The purpose of Computational Chemistry sub-Core is to provide computational/modeling support for the investigators within the Program Projects. Computational chemistry and molecular modeling techniques will be used to gain structural/functional insight into specific molecular interactions present in the biomolecular complexes studied within different projects of the PPG. This sub-Core will integrate experimental data produced by Projects and other Cores in the Program with theoretical methods in order to produce structural information needed to elucidate the nature of interactions in these biosystems and the relationship between their structure and function. For example, the sub-Core will provide atomistic models for biomolecular complexes like protein L13A-RNA complex, eNOS complex with HSP-90 and caveolin, and HDL-PON1-MPO complex, which are investigated in Projects 3, 2 and 1, respectively, using molecular visualization/building programs (Pymol, SwissPDBViewer, Autodock4 and Modeller), and hydrogen-deuterium exchange and small angle neutron and X-ray scattering calculations. The interaction interface between different components of the complexes will be constructed using docking (Autodock4). The docking experiments will identify specific interactions between amino acid residues for protein-protein complexes, or between RNA nucleotides with amino acid residues for RNA-protein complexes, or between amino acid residues and lipids for lipoproteins. All solvated systems will be subjected to molecular dynamics simulations. The trajectory resulted from the simulation will be analyzed to determine the change in the conformation during simulation, the change in the pattern of H-bonds and salt-bridges, the change in the secondary structure and so forth. To investigate conformational changes that occur on a microsecond scale and are important for the functionality of the biomolecular system, coarse-grained simulations will be performed in which atoms are grouped together in beads and a bead-to-bead simplified force field is used. The theoretical understanding resulted from the computational/modeling investigation will be further used by the Projects to design new experiments.

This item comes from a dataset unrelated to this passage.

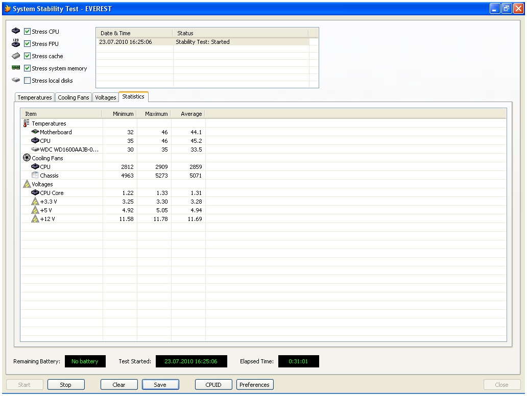 Der wurde gern mal bis 85° Celsius heiss, aber er lief dabei stabil.

计算化学分核心的目的是为计划项目中的研究人员提供计算/建模支持。计算化学和分子模拟技术将被用来深入了解在PPG不同项目中研究的生物分子复合体中存在的特定分子相互作用的结构/功能。这个分核心将把项目和计划中其他核心产生的实验数据与理论方法结合起来，以产生所需的结构信息，以阐明这些生物系统中相互作用的性质及其结构和功能之间的关系。例如，次核心将提供生物分子复合体的原子模型，如蛋白质L13A-RNA复合体、eNOS与HSP-90和小窝蛋白的复合体，以及高密度脂蛋白-PON1-MPO复合体，这些分别在项目3、2和1中使用分子可视化/构建程序(PYMOL、SwissPDBViewer、Autodock4和Moeller)以及氢-重离子交换和小角中子和X射线散射计算进行研究。复合体不同组件之间的交互界面将使用对接(Autodock4)构建。对接实验将确定蛋白质-蛋白质复合体的氨基酸残基之间、RNA-蛋白质复合体的RNA核苷酸与氨基酸残基之间、或脂蛋白的氨基酸残基与脂类之间的特定相互作用。所有的溶剂化体系都将接受分子动力学模拟。对模拟得到的轨迹进行分析，以确定模拟过程中构象的变化、氢键和盐桥图案的变化、二级结构的变化等。为了研究在微秒尺度上发生的、对生物分子系统的功能很重要的构象变化，将进行粗粒度的模拟，其中原子聚集在珠子中，并使用珠子到珠子的简化力场。从计算/模拟研究中得到的理论理解将进一步被项目用于设计新的实验。